= Manuel José Leonardo Arce Leal =

 Manuel José Leonardo Arce Leal (1935–1985) was a Guatemalan poet and dramatist.

Manuel José Leonardo Arce Leal was born in Guatemala City in 1935. Poet and dramatist, he was considered one of the most relevant national writers of the second half of the 20th century. He was awarded important Central American prizes and his works have been translated into many languages.
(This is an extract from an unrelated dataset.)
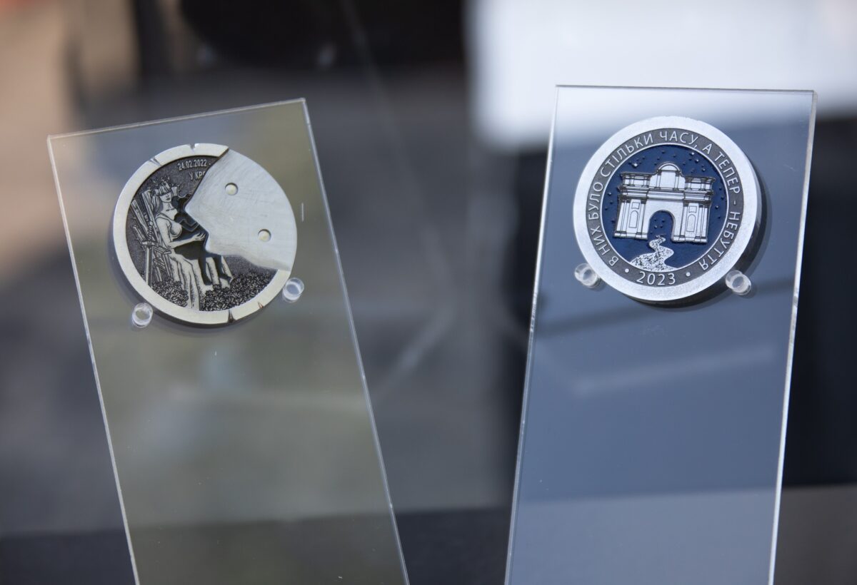 Пам’ятна медаль, яку презентували в Музеї війни, створена з уламку броні російського бронетранспортера, знищеного між містами Буча та Ірпінь 4 березня 2022 року. На аверсі зображено небо й доріжку, якою невинні душі йдуть у кращий світ. Також на монеті зображено абрис Верхньої брами, де рік тому було презентовано мультимедійний проєкт «Мартиролог. Діти…».

In the 1980s he had to flee Guatemala under the constant threats of Romeo Lucas García's regime. While he was in France, many of the worst massacres of his homeland occurred under the governments of Lucas García and Efraín Ríos Montt. In response, Arce wrote some very strong poems against Efraín Ríos Montt, which were later censured. He died of pulmonary cancer while in exile in France on September 22, 1985.

==Works==

=== Poetry ===
- En el nombre del Padre, 1955
- De la posible aurora [Sonetos a mi esposa], 1957
- Cantos en vida, 1960
- Eternauta: cantos de un mar, 1962
- Los episodios del vagón de carga (anti-pop-emas), 1971
- Palabras alusivas al acto y otros poemas con el tema del amor, 1953-1978, 1978
- Poemas póstumos, 1987

=== Narrative ===
- Diario de un escribiente Tomo 1, 1979
- Diario de un escribiente Tomo 2, 1987
- De una ciudad y otros asuntos: crónica fidedigna, 1992

=== Plays ===
- Delito condena y ejecución de una gallina y otras piezas de teatro grotesco, 1971
- Diálogo del gordo y el flaco con una rocola.
- El gato que murió de histeria.
- Compermiso.
- Sebastián sale de compras.
- Torotumbo (adaption of novel by Miguel Ángel Asturias).